What is needed is an exact repetition of the lines below, from the first one through the one holding "معطف طويل بغطاء", with no pictures and nothing else.

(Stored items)
§ §

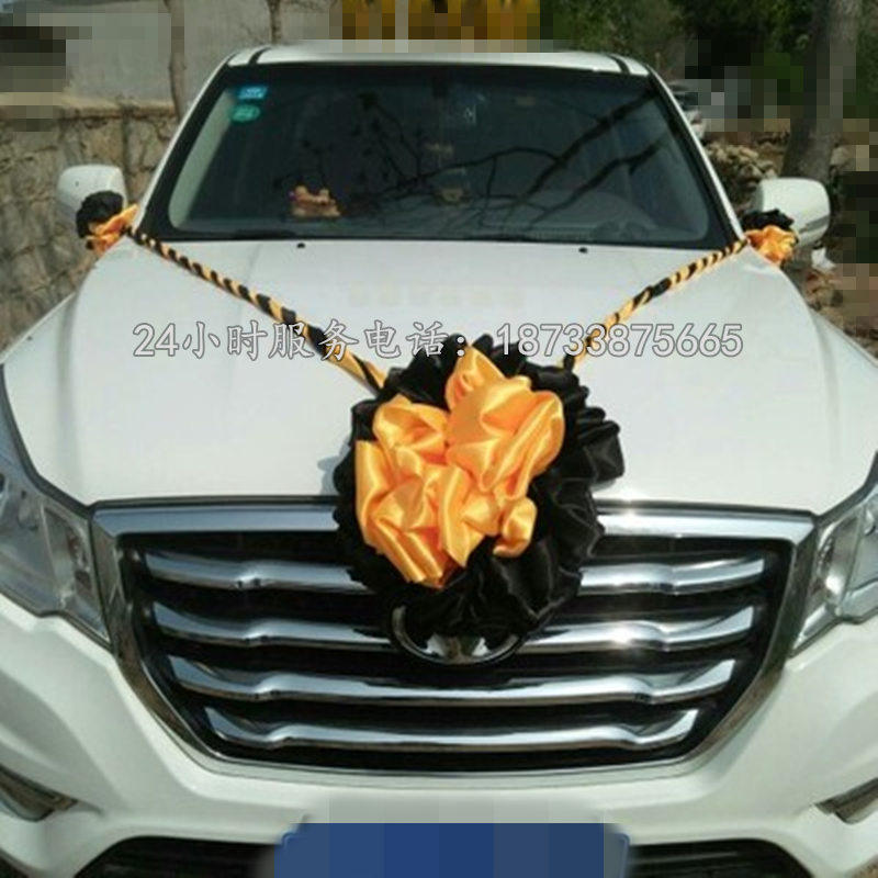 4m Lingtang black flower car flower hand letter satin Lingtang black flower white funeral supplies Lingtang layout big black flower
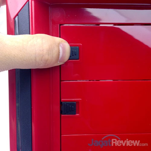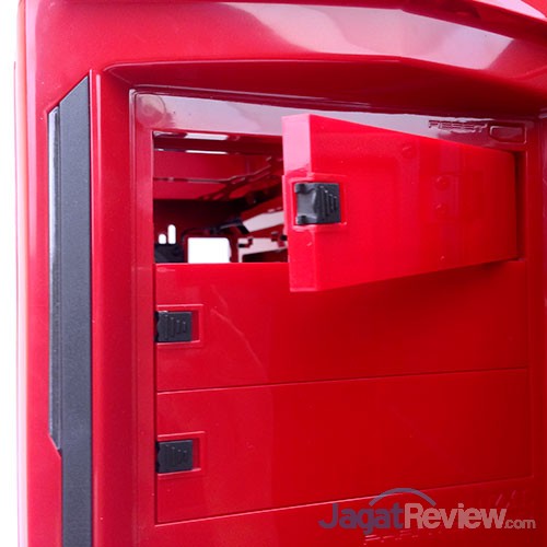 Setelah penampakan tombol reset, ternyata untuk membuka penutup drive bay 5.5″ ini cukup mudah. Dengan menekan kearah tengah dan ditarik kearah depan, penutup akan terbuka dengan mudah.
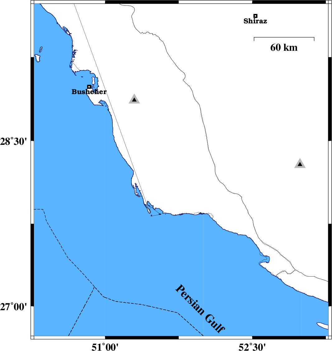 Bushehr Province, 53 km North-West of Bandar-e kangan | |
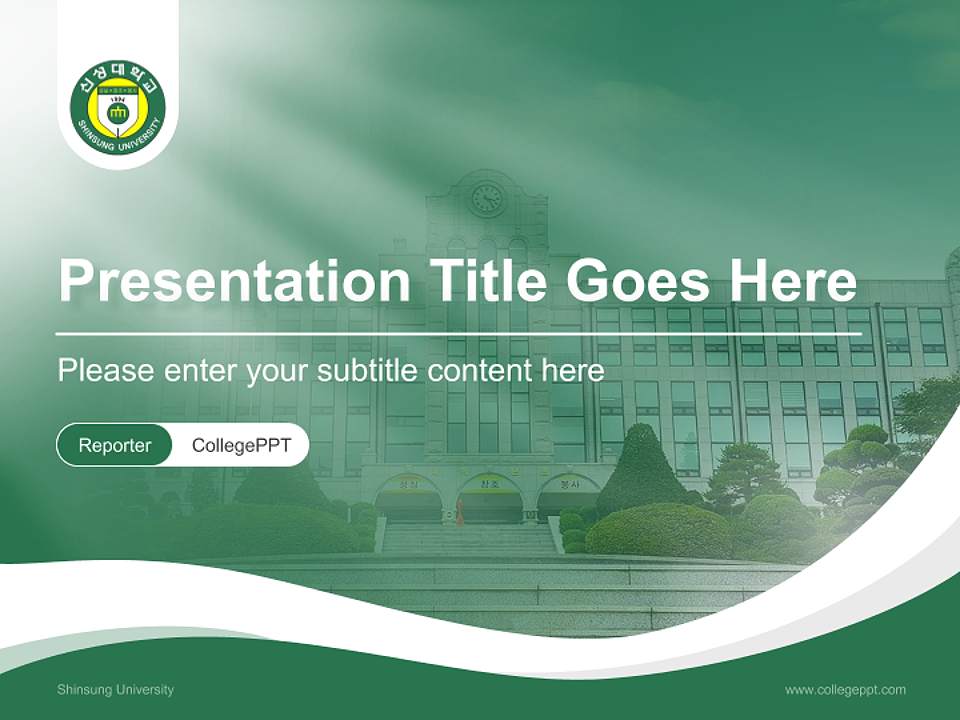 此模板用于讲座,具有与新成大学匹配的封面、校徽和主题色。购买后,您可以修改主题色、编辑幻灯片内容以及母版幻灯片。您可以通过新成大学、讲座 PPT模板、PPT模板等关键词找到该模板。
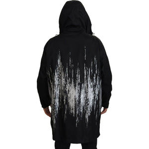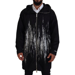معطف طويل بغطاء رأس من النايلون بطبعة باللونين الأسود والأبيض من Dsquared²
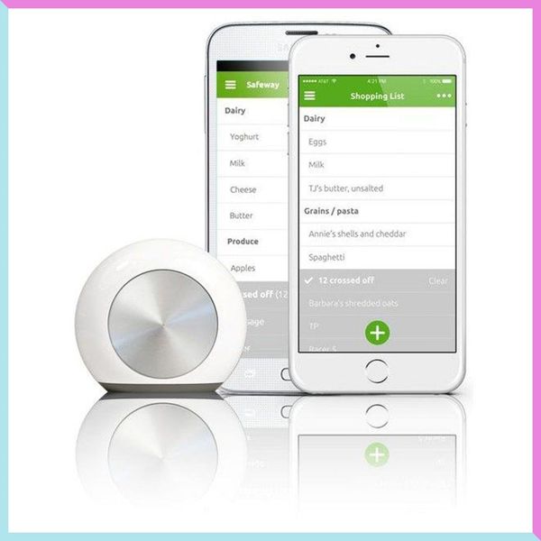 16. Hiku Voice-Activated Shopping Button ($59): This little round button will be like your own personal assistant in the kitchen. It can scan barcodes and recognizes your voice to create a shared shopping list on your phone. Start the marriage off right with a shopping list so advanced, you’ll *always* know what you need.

§ §

◆ SOLUTION TO THE PROBLEM
 4m Lingtang black flower car flower hand letter satin Lingtang black flower white funeral supplies Lingtang layout big black flower
 Setelah penampakan tombol reset, ternyata untuk membuka penutup drive bay 5.5″ ini cukup mudah. Dengan menekan kearah tengah dan ditarik kearah depan, penutup akan terbuka dengan mudah.
 Bushehr Province, 53 km North-West of Bandar-e kangan | |
 此模板用于讲座,具有与新成大学匹配的封面、校徽和主题色。购买后,您可以修改主题色、编辑幻灯片内容以及母版幻灯片。您可以通过新成大学、讲座 PPT模板、PPT模板等关键词找到该模板。
معطف طويل بغطاء رأس من النايلون بطبعة باللونين الأسود والأبيض من Dsquared²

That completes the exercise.